▶ _Task brief_: Print the data once more, exactly as given. Drop the pictures.
───
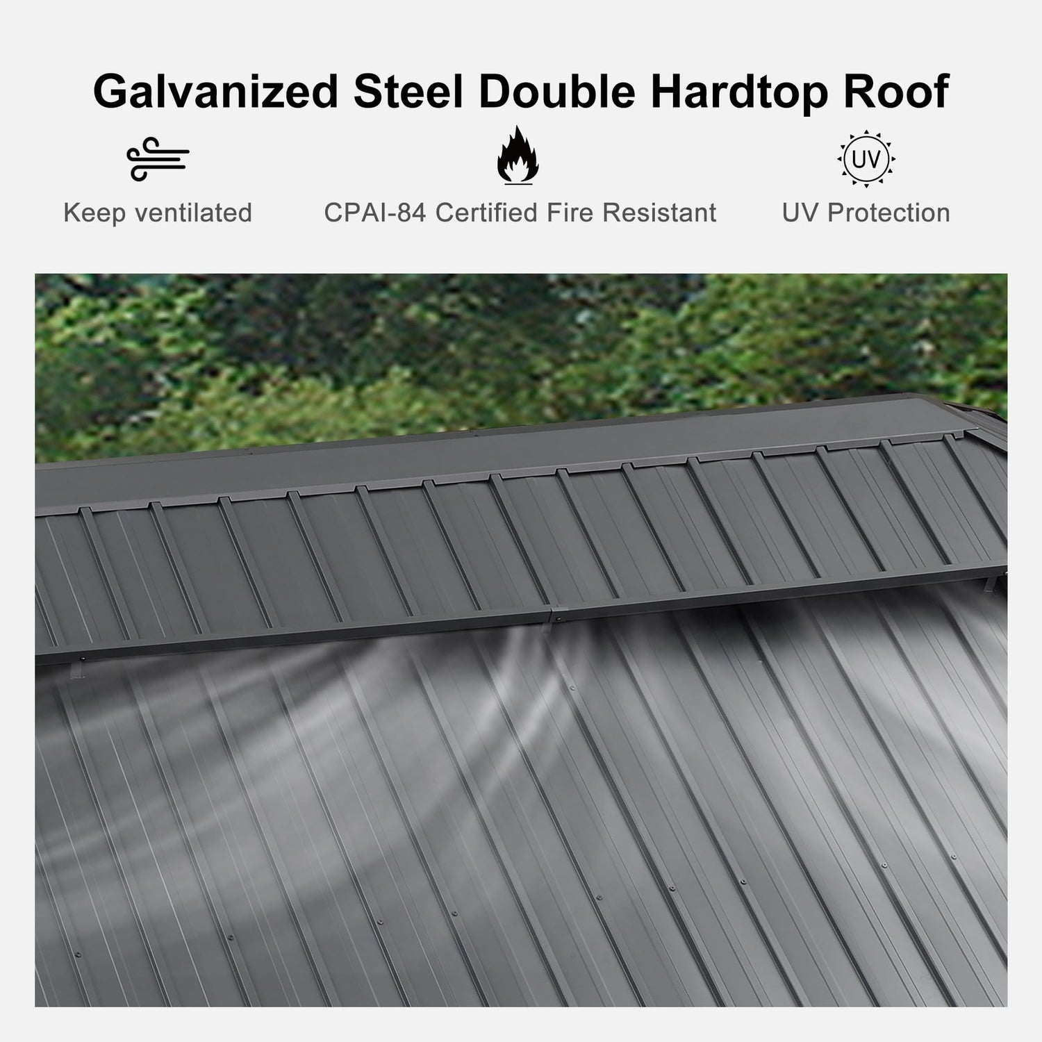 - High-quality Materials: Built with a galvanized steel roof and powder-coated aluminum frame with pre-drilled holes base, designed for sturdy installation, offers stability in windy conditions.
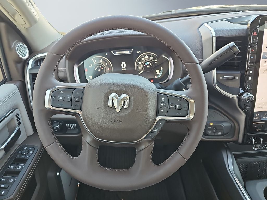 Enjoy your music even more with the premium sound system in this 1 ton pickup. The Ram 3500 offers Android Auto for seamless smartphone integration. See what's behind you with the back up camera on this 1 ton pickup. Keep your hands warm all winter with a heated steering wheel in the vehicle . It is equipped with the latest generation of XM/Sirius Radio. The installed navigation system will keep you on the right path. It features a hands-free Bluetooth® phone system. An off-road package is installed on this vehicle so you are ready for your four-wheeling best. Never get into a cold vehicle again with the remote start feature on this vehicle. The leather seats in this model are a must for buyers looking for comfort, durability, and style. This 1 ton pickup has automated speed control that adjusts to maintain a safe following distance, enhancing highway driving convenience.
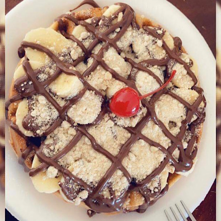 1 Waffle cubierto con plátano, crema de Avellanas, Mazapán y cereza Maraschino.
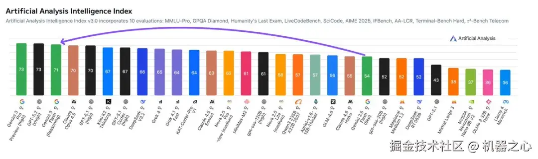 例如,在 Humanity's Last Exam 基准测试中(该测试旨在评估模型在不同专业领域的综合能力),在不使用工具的情况下,Gemini 3 Flash 取得了 33.7% 的成绩。作为对比,Gemini 3 Pro 的得分为 37.5%,Gemini 2.5 Flash 为 11%,而新发布的 GPT-5.2 则为 34.5%。
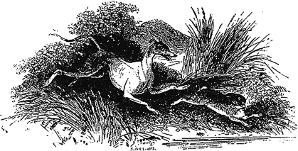 Фигура 46. Каридуен, преобразена като хрътка, гони Гуион Бах, преобразен като заек (литография, Великобритания, 1877 г.
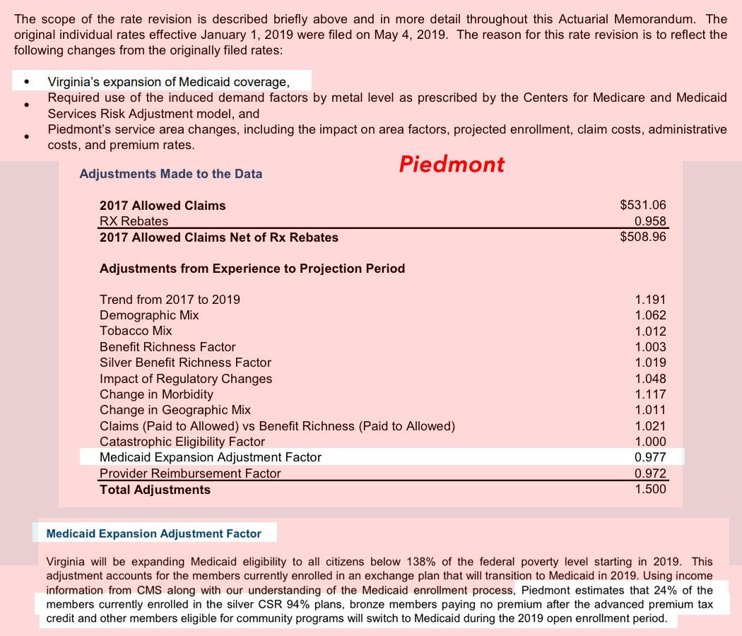 Virginia's preliminary rate requests averaged about 13.4% higher back in mid-May...about two weeks before the Medicaid expansion bill was passed and signed into law.
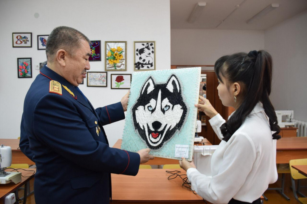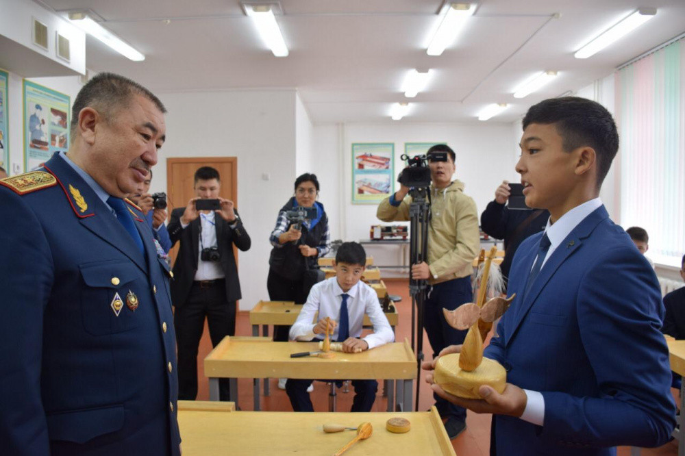 Главе МВД показали кабинеты информатики, труда и технологии, а школьники вручили гостю поделки, сделанные своими руками.
───
▶ _Solved exercise_:
 - High-quality Materials: Built with a galvanized steel roof and powder-coated aluminum frame with pre-drilled holes base, designed for sturdy installation, offers stability in windy conditions.
 Enjoy your music even more with the premium sound system in this 1 ton pickup. The Ram 3500 offers Android Auto for seamless smartphone integration. See what's behind you with the back up camera on this 1 ton pickup. Keep your hands warm all winter with a heated steering wheel in the vehicle . It is equipped with the latest generation of XM/Sirius Radio. The installed navigation system will keep you on the right path. It features a hands-free Bluetooth® phone system. An off-road package is installed on this vehicle so you are ready for your four-wheeling best. Never get into a cold vehicle again with the remote start feature on this vehicle. The leather seats in this model are a must for buyers looking for comfort, durability, and style. This 1 ton pickup has automated speed control that adjusts to maintain a safe following distance, enhancing highway driving convenience.
 1 Waffle cubierto con plátano, crema de Avellanas, Mazapán y cereza Maraschino.
 例如,在 Humanity's Last Exam 基准测试中(该测试旨在评估模型在不同专业领域的综合能力),在不使用工具的情况下,Gemini 3 Flash 取得了 33.7% 的成绩。作为对比,Gemini 3 Pro 的得分为 37.5%,Gemini 2.5 Flash 为 11%,而新发布的 GPT-5.2 则为 34.5%。
 Фигура 46. Каридуен, преобразена като хрътка, гони Гуион Бах, преобразен като заек (литография, Великобритания, 1877 г.
 Virginia's preliminary rate requests averaged about 13.4% higher back in mid-May...about two weeks before the Medicaid expansion bill was passed and signed into law.
 Главе МВД показали кабинеты информатики, труда и технологии, а школьники вручили гостю поделки, сделанные своими руками.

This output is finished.